The bank also boosted loan-loss provisions by $2.24 billion – higher than it estimated a week ago – in anticipation of more deterioration in consumer credit.
Citigroup’s net income fell to $2.38 billion, or 47 cents per share, in the July-to-September period. That’s down from $5.51 billion, or $1.10 a share, in the same period a year earlier. Revenue in the quarter rose 6 percent to $22.66 billion from $21.42 billion a year earlier.
Mattel Corp.
EL SEGUNDO, CALIF. — The world’s biggest toymaker reported a 1 percent drop in fiscal third-quarter profit, due to the impact of charges, costs and supply-chain delays related to multiple product recalls.
The company said net income for the quarter ended Sept. 30 slipped to $236.8 million, or 61 cents per share, from $239 million, or 62 cents per share, in the year- ago period. Latest-quarter results included charges of about $40 million related to the company’s product recalls covering merchandise containing small magnets or tainted with lead paint.

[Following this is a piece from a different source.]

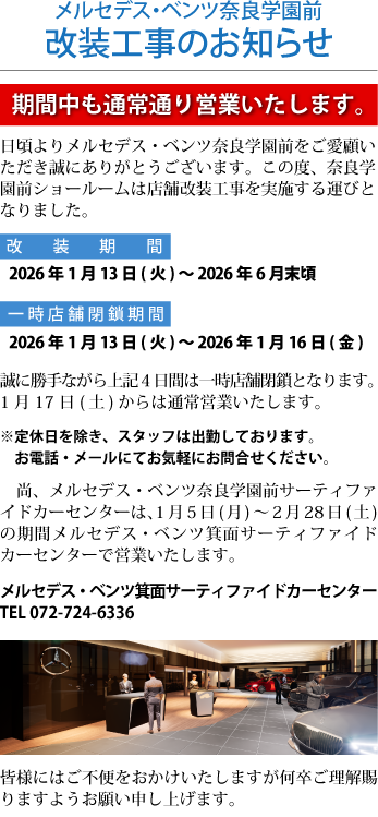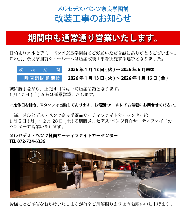 スマホ用ページ最上部スペース Urban StarsG-ClassV-ClassE-ClassCLE_CabrioletMercedes-Maybach-EQS-SUV Slide 1 Slide 1 Slide 1メルセデス・ベンツ購入をご検討中の皆様に役立つメニューを集めました。 各種ご購入サポートをご活用下さい。 詳しくは、各店のセールススタッフへお気軽にお尋ね下さい。 全車WEBカタログ各モデルのカタログ(パンフレット)をWEB上で閲覧することができます。詳しくみる 全車価格一覧各車の価格を一覧表でご確認頂けます。ご購入のご参考に。詳しくみる 見積シミュレーション装備や色など、あなたにぴったりのモデルをシミュレーションすることができます。詳しくみる ファイナンス/保険各種ファイナンス商品をご紹介。モデル別の支払方法や、メルセデス・ベンツ自動車保険もご提供いたします。詳しくみる link_6 サーティファイドカー(認定中古車)の 入庫速報を配信しています LINE@ メルセデスに関するお役立ち情報 なるほどメルセデス! ■2024年新型【Eクラス】紹介 メルセデスに関する お得な情報 操作解説 豆知識 などを動画で配信中! Mercedes Youtube ■EQAとEQCをご紹介 ■ステアリングボタン解説 ■Bluetoothの接続方法解説 ■おすすめ便利機能3選 Mercedes-Benz Collection ファッション、ライフスタイルなどのおすすめアイテムをご紹介しています。 Mercedes-Benz LIVE! メルセデスの多彩な車種に重なる、上質なライフスタイルコンテンツを発信します。 Mercedes me Store あなたのメルセデスが利用できるデジタルプロダクトを購入することができます。 見積シミュレーション 最高のメルセデスをあなたに。 森ノ宮店 店舗ページへ 箕面店 店舗ページへ 箕面サーティファイドカーセンター 店舗ページへ 奈良学園前店 店舗ページへ

Sales rose 3 percent to $1.84 billion from $1.79 billion a year ago, mainly helped by the weaker dollar.
Charles Schwab Corp.
SAN FRANCISCO — The discount brokerage’s third-quarter profit surpassed analyst expectations as it reaped a big gain from the sale of its wealth-management division and harvested more revenue from an expanding mix of customers.
Schwab said Monday it earned $1.53 billion, or $1.28 per share, during the three months ended in September, a more than fivefold increase from $266 million, or 21 cents per share, a year ago. Revenue for the period totaled $1.29 billion, a 21 percent improvement from the prior year.